Le dollar a atteint jeudi ses plus bas niveaux depuis plusieurs années face à l’euro et au franc suisse, alors que des inquiétudes concernant l’indépendance future de la Réserve fédérale américaine (Fed) ont ébranlé la confiance dans la solidité de la politique monétaire des États-Unis.
Selon un article du Wall Street Journal, le président américain Donald Trump aurait envisagé de choisir et d’annoncer le successeur du président de la Fed, Jerome Powell, d’ici septembre ou octobre, dans le but de fragiliser sa position.
« Les marchés risquent de réagir vivement à toute décision prématurée de nommer un successeur à Powell, surtout si cette décision semble motivée par des considérations politiques », a déclaré Kieran Williams, responsable des changes asiatiques chez InTouch Capital Markets.
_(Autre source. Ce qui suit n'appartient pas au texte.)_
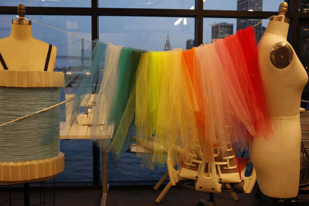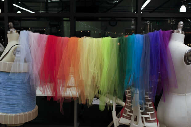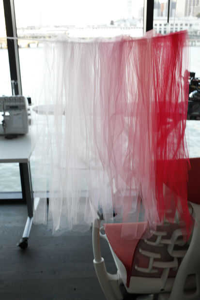El tul comienza a acumular, así como que estaba navegando a lo largo, extendí un trozo de hilo entre dos formas de vestido para colgar en. Esto me permitió configurar cómo quería que los colores fluyan y también si tendría suficiente pedazos de tul para llenar un tutu completo.

« Une telle démarche soulèverait des questions sur une possible érosion de l’indépendance de la Fed et pourrait affaiblir sa crédibilité », a-t-il ajouté. « Si tel était le cas, cela pourrait recalibrer les anticipations de taux, et entraîner une réévaluation des positions sur le dollar. »
Mercredi, Trump a qualifié Powell de « terrible » pour ne pas avoir abaissé les taux d’intérêt de manière plus agressive, alors que le président de la Fed expliquait au Sénat que la politique monétaire devait rester prudente, les projets de tarifs douaniers du président représentant un risque pour l’inflation.
Les marchés estiment désormais à 25 % la probabilité d’une baisse des taux lors de la prochaine réunion de la Fed en juillet, contre seulement 12 % il y a une semaine. Ils anticipent également 64 points de base de baisse d’ici la fin de l’année, contre environ 46 points vendredi dernier.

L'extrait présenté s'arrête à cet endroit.